BBVA: Tech talent wanted
Fundamental transformations are underway in the banking and financial industries as a result of the unstoppable technological innovation they face. Demand for digital products and services is on the rise and consumers are adopting them, with greater and greater ease. This significant change in customer habits and in the use of business channels has numerous implications for banks, especially regarding the need to attract people with strong technical skills.
The profound changes occurring in the banking business, especially the commoditization of their services, are the reason behind the growing search across all areas for people with technical expertise. Never before has the demand been so clear and constant. But are technical experts joining banks at a slower pace than they would like?
The challenge now is to turn banks into companies capable of attracting these students, who traditionally look at technology companies when considering their job prospects.
It seems so. According to the recent Universum study ‘Attracting STEM [Science, Technology, Engineering and Math] and Business Students to the Financial Industry’, companies in the financial sector need a segmented recruiting top talent. This segmentation is even more important “when the aim is to recruit technical and technological profiles, such as those with a professional or educational background in user experience, online banking and IT security.”
Until now, people with these types of resumes preferred to work in other types of industries. Why is this? Are current banks sufficiently appealing to attract people with these profiles to work with them? Indeed… or at least the banks that are leading the sector's digital transformation.
Ana Escurín, BBVA Global Head of Employer Brand & Recruitment Marketing, explained this recently: “Thanks to their educational and professional background, their analysis skills and versatility, people with technical knowledge have a lot to bring to the banking sector. The challenge now is to turn banks into companies capable of attracting these students, students that traditionally look at technology companies when considering their job prospects.
But BBVA already is, in a certain way, a technology company. Almost all current areas of business are demanding technical profiles, especially in the fields of engineering, mathematics and physics. We are talking about crucial core segments such as Global Risk Management, Asset Management, or Corporate & Investment Banking.
BBVA’s big data teams have been working for years in key areas for the bank.
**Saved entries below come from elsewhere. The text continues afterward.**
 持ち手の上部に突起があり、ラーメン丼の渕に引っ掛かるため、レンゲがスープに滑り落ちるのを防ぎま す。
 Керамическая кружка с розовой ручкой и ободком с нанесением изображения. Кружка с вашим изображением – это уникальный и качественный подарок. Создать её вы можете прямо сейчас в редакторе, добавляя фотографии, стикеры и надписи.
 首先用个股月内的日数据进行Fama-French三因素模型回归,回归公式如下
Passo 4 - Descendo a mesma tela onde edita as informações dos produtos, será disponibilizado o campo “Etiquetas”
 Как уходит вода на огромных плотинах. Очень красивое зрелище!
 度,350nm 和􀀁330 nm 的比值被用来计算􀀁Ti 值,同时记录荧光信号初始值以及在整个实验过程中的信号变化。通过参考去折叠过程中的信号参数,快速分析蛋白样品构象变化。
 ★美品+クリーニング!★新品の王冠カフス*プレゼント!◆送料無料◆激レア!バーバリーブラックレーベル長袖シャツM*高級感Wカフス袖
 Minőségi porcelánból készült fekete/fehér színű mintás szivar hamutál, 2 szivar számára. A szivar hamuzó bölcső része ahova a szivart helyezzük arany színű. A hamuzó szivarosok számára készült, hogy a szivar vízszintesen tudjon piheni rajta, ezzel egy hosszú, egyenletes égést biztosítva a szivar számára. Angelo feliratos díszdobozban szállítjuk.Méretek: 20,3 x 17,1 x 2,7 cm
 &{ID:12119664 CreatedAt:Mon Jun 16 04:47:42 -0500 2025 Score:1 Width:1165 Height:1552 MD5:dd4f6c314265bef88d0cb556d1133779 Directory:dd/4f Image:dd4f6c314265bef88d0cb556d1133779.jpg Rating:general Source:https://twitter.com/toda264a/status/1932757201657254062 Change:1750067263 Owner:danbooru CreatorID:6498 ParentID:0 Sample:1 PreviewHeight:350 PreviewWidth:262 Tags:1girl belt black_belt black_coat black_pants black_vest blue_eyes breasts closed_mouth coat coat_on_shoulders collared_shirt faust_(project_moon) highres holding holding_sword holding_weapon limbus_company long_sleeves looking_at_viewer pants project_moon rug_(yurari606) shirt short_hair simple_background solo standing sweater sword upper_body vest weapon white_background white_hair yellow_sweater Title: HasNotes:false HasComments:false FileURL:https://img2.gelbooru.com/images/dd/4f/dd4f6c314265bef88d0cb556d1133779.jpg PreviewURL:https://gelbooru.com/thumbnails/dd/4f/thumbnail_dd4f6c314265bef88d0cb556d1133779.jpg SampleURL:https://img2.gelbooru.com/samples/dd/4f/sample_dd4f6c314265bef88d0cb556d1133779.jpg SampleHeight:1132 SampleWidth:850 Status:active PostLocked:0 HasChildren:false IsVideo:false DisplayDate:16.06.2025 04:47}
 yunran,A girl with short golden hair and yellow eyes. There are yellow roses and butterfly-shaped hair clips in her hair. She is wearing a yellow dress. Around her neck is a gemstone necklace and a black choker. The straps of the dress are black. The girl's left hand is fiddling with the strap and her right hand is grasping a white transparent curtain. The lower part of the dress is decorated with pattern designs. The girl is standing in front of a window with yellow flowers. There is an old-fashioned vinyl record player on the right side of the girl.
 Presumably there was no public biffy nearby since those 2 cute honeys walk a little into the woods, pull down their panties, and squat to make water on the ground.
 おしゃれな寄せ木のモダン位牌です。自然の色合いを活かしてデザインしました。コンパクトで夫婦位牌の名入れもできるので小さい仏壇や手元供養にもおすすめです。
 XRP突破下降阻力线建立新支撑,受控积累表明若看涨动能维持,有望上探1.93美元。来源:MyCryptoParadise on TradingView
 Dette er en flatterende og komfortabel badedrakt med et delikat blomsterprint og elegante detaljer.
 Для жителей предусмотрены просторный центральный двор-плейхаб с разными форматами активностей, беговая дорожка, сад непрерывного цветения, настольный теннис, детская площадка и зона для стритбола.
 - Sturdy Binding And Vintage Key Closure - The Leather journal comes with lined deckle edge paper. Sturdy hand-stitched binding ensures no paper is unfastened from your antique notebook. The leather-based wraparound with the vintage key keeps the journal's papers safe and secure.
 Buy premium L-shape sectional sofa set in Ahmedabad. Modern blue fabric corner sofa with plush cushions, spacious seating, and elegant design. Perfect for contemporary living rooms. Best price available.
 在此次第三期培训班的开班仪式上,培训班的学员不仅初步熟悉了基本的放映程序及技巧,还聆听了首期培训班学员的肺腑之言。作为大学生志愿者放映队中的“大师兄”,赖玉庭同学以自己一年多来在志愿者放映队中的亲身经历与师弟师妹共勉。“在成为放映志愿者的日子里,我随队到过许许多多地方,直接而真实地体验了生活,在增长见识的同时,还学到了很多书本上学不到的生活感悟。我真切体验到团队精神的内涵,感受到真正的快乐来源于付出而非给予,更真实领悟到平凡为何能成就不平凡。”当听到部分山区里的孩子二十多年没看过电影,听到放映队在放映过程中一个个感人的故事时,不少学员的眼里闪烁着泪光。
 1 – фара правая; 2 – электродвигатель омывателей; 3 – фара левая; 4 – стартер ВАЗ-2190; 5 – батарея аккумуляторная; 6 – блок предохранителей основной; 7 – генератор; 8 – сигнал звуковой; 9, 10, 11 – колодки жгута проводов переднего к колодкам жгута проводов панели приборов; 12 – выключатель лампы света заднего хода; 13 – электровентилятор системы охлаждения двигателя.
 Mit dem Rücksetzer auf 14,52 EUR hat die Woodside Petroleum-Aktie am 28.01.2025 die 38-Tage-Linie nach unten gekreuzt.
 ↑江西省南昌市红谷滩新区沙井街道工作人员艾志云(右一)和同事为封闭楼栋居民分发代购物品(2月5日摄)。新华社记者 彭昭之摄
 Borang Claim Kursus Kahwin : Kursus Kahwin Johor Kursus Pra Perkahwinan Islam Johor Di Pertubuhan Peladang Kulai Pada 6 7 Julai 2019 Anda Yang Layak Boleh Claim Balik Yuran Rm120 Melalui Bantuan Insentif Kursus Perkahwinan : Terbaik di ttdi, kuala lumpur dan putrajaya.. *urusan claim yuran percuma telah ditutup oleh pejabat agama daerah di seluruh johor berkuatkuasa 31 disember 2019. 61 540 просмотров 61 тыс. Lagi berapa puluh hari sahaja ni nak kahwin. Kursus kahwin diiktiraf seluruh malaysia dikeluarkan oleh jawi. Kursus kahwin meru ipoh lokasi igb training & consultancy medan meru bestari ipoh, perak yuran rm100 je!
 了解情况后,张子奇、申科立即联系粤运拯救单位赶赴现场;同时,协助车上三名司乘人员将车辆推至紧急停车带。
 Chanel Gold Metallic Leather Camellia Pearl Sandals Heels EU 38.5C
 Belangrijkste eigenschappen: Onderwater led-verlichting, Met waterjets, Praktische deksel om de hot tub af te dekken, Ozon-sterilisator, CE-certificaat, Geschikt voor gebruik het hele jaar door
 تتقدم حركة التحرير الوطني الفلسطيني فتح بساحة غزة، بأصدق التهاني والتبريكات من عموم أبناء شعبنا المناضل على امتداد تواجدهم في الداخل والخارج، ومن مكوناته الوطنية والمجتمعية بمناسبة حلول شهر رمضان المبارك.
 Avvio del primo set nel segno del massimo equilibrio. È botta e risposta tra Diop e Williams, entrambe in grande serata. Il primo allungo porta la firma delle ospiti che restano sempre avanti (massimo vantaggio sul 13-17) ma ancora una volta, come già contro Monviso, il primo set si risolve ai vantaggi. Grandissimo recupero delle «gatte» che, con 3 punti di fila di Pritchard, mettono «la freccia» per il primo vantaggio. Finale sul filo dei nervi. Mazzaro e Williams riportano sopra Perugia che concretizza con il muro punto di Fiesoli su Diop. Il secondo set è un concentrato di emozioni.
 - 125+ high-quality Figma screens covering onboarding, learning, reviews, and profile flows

A good example of this is that all of the bank’s big data teams across the world – mainly Spain and the U.S. – have been working for years now on areas as essential as customer analytics, processes, risk and fraud or other new digital products. In this line, BBVA and Stratio recently partnered to create Datio, a joint venture that is developing the bank’s big data architecture.
Also, Artificial Intelligence is a key line of work for BBVA. In fact, for some time now, the company’s has been working based on the premise that the future of banking will be “hands free” and driven by a DIY – Do It Yourself - culture. To achieve this, more than ever, the company needs to attract and retain the best technology talent.
There’s an actual coexistence of mixed profiles: professionals with a technical, quantitative, design or development background, for instance, that come together in the paradigm of financial services
For all these reasons, tech talent is playing an increasingly pivotal role in BBVA. These new employees are joining the company attracted, not only by the projects that the company is currently developing, but also by the way in which the bank works. Both Agile methodologies and scrum teams are becoming an increasingly important part of BBVA’s workflows, even in disciplines that are not even remotely connected to these modalities. This fact is especially attractive for millenials in general, and for the so-called stem profiles (science, technology, engineering y mathematics), in particular.
It is obvious that the horizons have expanded, and it is not hard to find in BBVA a broad diversity of professionals, ranging from an engineer with an interest in finance, through a developer or designer wants to take part in the technological and innovative products on which the bank is working.
At BBVA we can already talk about the actual coexistence of mixed profiles: professionals with a technical, quantitative, design or development background, for instance, that come together in the paradigm of financial services, our core business.